▶ **REQUIRED ACTION**
Keep the pictures out. Restate the entries below word for word.

RECORDS PROVIDED section start

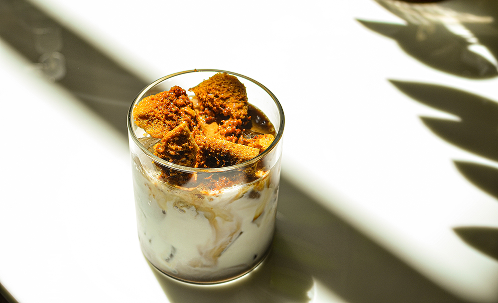 เมนูแรกที่ทางร้านแนะนำให้เราลองก็คือ Dalgona Latte (120 บาท) เมนูที่เคยเป็นไวรัลฮิตในช่วงกักตัวที่ผ่านมาที่มีเอกลักษ์เด่นคือการตีกาแฟให้เป็นฟองแล้วเทท็อปด้านบน ซึ่งทัลโกนาของที่ร้านจะไม่ได้มาเป็นฟองกาแฟข้น ๆ แบบที่เห็นกันในคลิป แต่เป็นการเสิร์ฟทัลโกนา ซึ่งเป็นขนมดั้งเดิมของชาวเกาหลีที่เป็นแผ่นน้ำตาลบด ท็อปมาบนกาแฟนมหอม ๆ ที่เบสมาแบบไม่หวาน เพื่อที่เวลาดื่มกับแผ่นน้ำตาลด้านบนแล้วจะไม่หวานบาดคอ ซึ่งแก้วนี้เป็นแก้วที่ค่อนข้างเซอร์ไพรส์สำหรับเราที่เป็นคนชอบดื่มเมนูกาแฟนมแบบง่าย ๆ ไม่หวือหวา แต่พบว่าแก้วนี้จิบได้เพลิน ๆ เรื่อย ๆ แบบไม่ตะขิดตะขวงใจ และแอบเพลินกับแผ่นน้ำตาลด้านบนแบบไม่รู้สึกผิดบาป
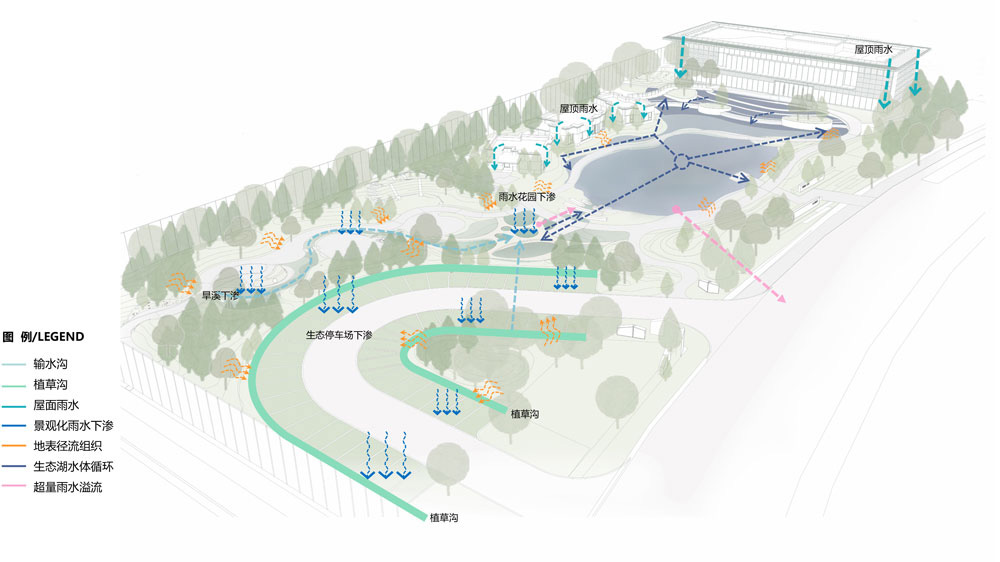 項(xiàng)目現(xiàn)場(chǎng)依形就勢(shì),利用現(xiàn)狀水塑造海綿水系,打造低生態(tài)影響、低維護(hù)的生態(tài)濕地公園;公園綠地依靠雨水花園、下凹綠地等對(duì)雨水進(jìn)行過濾下滲,超量雨水溢流對(duì)湖體進(jìn)行補(bǔ)水;停車場(chǎng)由于汽車帶來機(jī)油和重金屬的影響,不再排入湖體,直接在植草溝進(jìn)行下滲凈化;湖體通過水泵循環(huán)造流,防止水系局部富營(yíng)養(yǎng)化,并通過植被群落配置及各類生物,構(gòu)建穩(wěn)定的水生態(tài)系統(tǒng)。
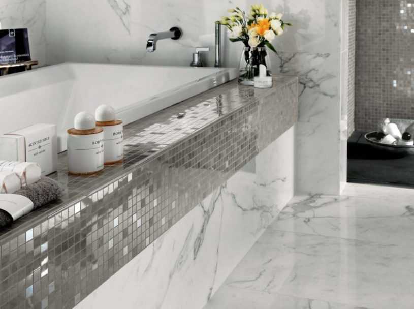 Несмотря на то что многие специалисты не советуют отдавать предпочтение плитке с зеркальным отражением, в ванной её использовать можно.
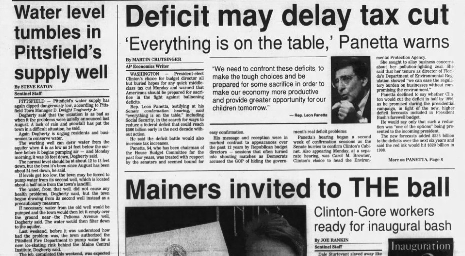 Jan. 9, 1993: Water levels are dangerous low in Pittsfield’s supply well, and Oakland woman among 400 across nation invited to attend president-elect Clinton’s ball
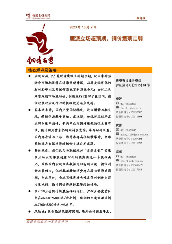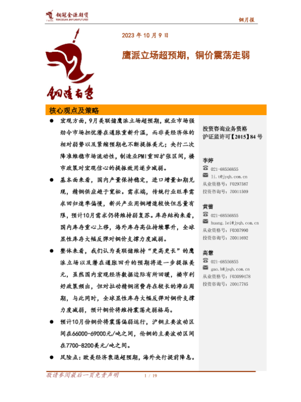 【铜冠金源期货】【20231009】铜月报:鹰派立场超预期,铜价震荡走弱-19页
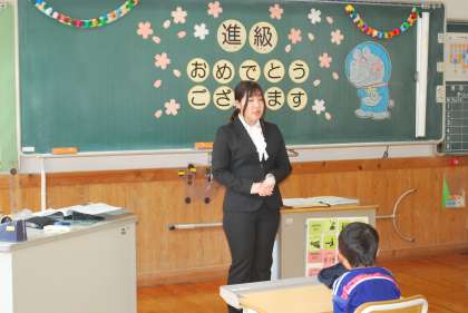 学級開きの様子です。子どもたちは新しい担任の先生のお話をにこやかな表情で聞いていました。いい出会いができた様子です。
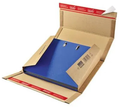 Sécurité pour les classeurs - l'emballage d'expédition pour classeurs avec double fermeture, adapté aux classeurs DIN A4 avec une hauteur de dos de 35 à 80 mm. La double fermeture autocollante COLOMPAC permet d'économiser du temps et des moyens de fermeture supplémentaires. Le fil d'arrachage intégré assure une ouverture rapide et facile.
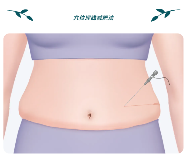 穴位埋线减肥就是将可吸收的蛋白线埋入穴位,能持续刺激穴位,起到疏通经络、调和气血的作用,使身体的代谢功能和内分泌功能得以调整,纠正阴阳失衡,促进脂肪代谢。
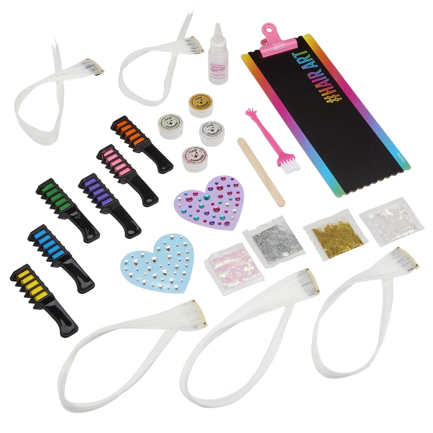 Комплектація:інструкція, 1 пензлик для нанесення, 1 паличка для змішування, 1 гель для волосся з блиском (15 мл), 4 прозорі контейнери з кришками, 6 гребінців із крейдою для волосся (по 4,5 г), 2 пакетики блискіток (по 1 г), 2 пакетики паєток (по 1,5 г), 6 білих накладних пасм із затискачами, 1 дизайнерська дошка, 1 затискач, 2 аркуші декоративних камінців для волосся

RECORDS PROVIDED section end

▶ **SOLVED EXERCISE**
 เมนูแรกที่ทางร้านแนะนำให้เราลองก็คือ Dalgona Latte (120 บาท) เมนูที่เคยเป็นไวรัลฮิตในช่วงกักตัวที่ผ่านมาที่มีเอกลักษ์เด่นคือการตีกาแฟให้เป็นฟองแล้วเทท็อปด้านบน ซึ่งทัลโกนาของที่ร้านจะไม่ได้มาเป็นฟองกาแฟข้น ๆ แบบที่เห็นกันในคลิป แต่เป็นการเสิร์ฟทัลโกนา ซึ่งเป็นขนมดั้งเดิมของชาวเกาหลีที่เป็นแผ่นน้ำตาลบด ท็อปมาบนกาแฟนมหอม ๆ ที่เบสมาแบบไม่หวาน เพื่อที่เวลาดื่มกับแผ่นน้ำตาลด้านบนแล้วจะไม่หวานบาดคอ ซึ่งแก้วนี้เป็นแก้วที่ค่อนข้างเซอร์ไพรส์สำหรับเราที่เป็นคนชอบดื่มเมนูกาแฟนมแบบง่าย ๆ ไม่หวือหวา แต่พบว่าแก้วนี้จิบได้เพลิน ๆ เรื่อย ๆ แบบไม่ตะขิดตะขวงใจ และแอบเพลินกับแผ่นน้ำตาลด้านบนแบบไม่รู้สึกผิดบาป
 項(xiàng)目現(xiàn)場(chǎng)依形就勢(shì),利用現(xiàn)狀水塑造海綿水系,打造低生態(tài)影響、低維護(hù)的生態(tài)濕地公園;公園綠地依靠雨水花園、下凹綠地等對(duì)雨水進(jìn)行過濾下滲,超量雨水溢流對(duì)湖體進(jìn)行補(bǔ)水;停車場(chǎng)由于汽車帶來機(jī)油和重金屬的影響,不再排入湖體,直接在植草溝進(jìn)行下滲凈化;湖體通過水泵循環(huán)造流,防止水系局部富營(yíng)養(yǎng)化,并通過植被群落配置及各類生物,構(gòu)建穩(wěn)定的水生態(tài)系統(tǒng)。
 Несмотря на то что многие специалисты не советуют отдавать предпочтение плитке с зеркальным отражением, в ванной её использовать можно.
 Jan. 9, 1993: Water levels are dangerous low in Pittsfield’s supply well, and Oakland woman among 400 across nation invited to attend president-elect Clinton’s ball
 【铜冠金源期货】【20231009】铜月报:鹰派立场超预期,铜价震荡走弱-19页
 学級開きの様子です。子どもたちは新しい担任の先生のお話をにこやかな表情で聞いていました。いい出会いができた様子です。
 Sécurité pour les classeurs - l'emballage d'expédition pour classeurs avec double fermeture, adapté aux classeurs DIN A4 avec une hauteur de dos de 35 à 80 mm. La double fermeture autocollante COLOMPAC permet d'économiser du temps et des moyens de fermeture supplémentaires. Le fil d'arrachage intégré assure une ouverture rapide et facile.
 穴位埋线减肥就是将可吸收的蛋白线埋入穴位,能持续刺激穴位,起到疏通经络、调和气血的作用,使身体的代谢功能和内分泌功能得以调整,纠正阴阳失衡,促进脂肪代谢。
 Комплектація:інструкція, 1 пензлик для нанесення, 1 паличка для змішування, 1 гель для волосся з блиском (15 мл), 4 прозорі контейнери з кришками, 6 гребінців із крейдою для волосся (по 4,5 г), 2 пакетики блискіток (по 1 г), 2 пакетики паєток (по 1,5 г), 6 білих накладних пасм із затискачами, 1 дизайнерська дошка, 1 затискач, 2 аркуші декоративних камінців для волосся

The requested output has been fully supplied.